Although NPL has been proven to be an important diagnostic tool, it is most often used in the clinical setting to confirm and stage airway and throat diagnoses at the time of the examination. The primary goal of the paper was to determine the usefulness of the video recordings and to validate the interpretation of findings by 2 independent experts based on the video findings alone. In doing so, we found that the reliability of diagnosis was good (independent of audio and clinical history), but we found discrepancies at subsites that could improve with adding clinical information (such as symptoms or history of GERD) or by adding audio information (whereby the examiner could not only visualize findings consistent with edema but appreciate hoarseness or airway noises). Overall, our study confirms that videos of findings from NPL are useful as tools to relay information from one clinician to another but do not supplant the addition of audio/clinical information. More practical uses are that video NPL may help clinicians in triaging referrals to tertiary centers, reduce cost, as well as the need for multiple scopes by different experts to aid in clinical diagnosis. In addition, given that video NPL recordings are routinely uploaded into the electronic medical charts, it is important for clinicians to understand that the overall diagnostic reliability is good, but limitations in reliability of more subtle subgroup findings exist which could impact patient management strategies. Future studies would be important to validate a tool to rate/evaluate the findings based on anatomical findings.
Conclusion
A telemedicine model for NPL demonstrates strong diagnostic accuracy across providers and good overall evaluation.
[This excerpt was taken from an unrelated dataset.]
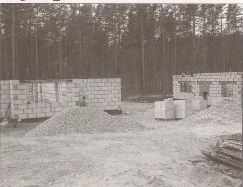
Tā te izskatījās 2003. gada 30. septembrī, jo vairāki draugi būvējās vienlaikus.

Garkalnes birzī ir vieta 8-10 mājām, kur katrs jaunais īpašnieks pats veiks savas teritorijas apzaļumošanu, jo gaisā neauglīgā smiltis ir nostumta, varēja pasmelties no kopē-

It holds potential for use in remote settings to help clinicians evaluate patients with a complaint that warrants an NPL but also to help determine who should be referred to a tertiary center.
Footnotes
Declaration of Conflicting Interests
The author(s) declared no potential conflicts of interest with respect to the research, authorship, and/or publication of this article.
Funding
The author(s) received no financial support for the research, authorship, and/or publication of this article.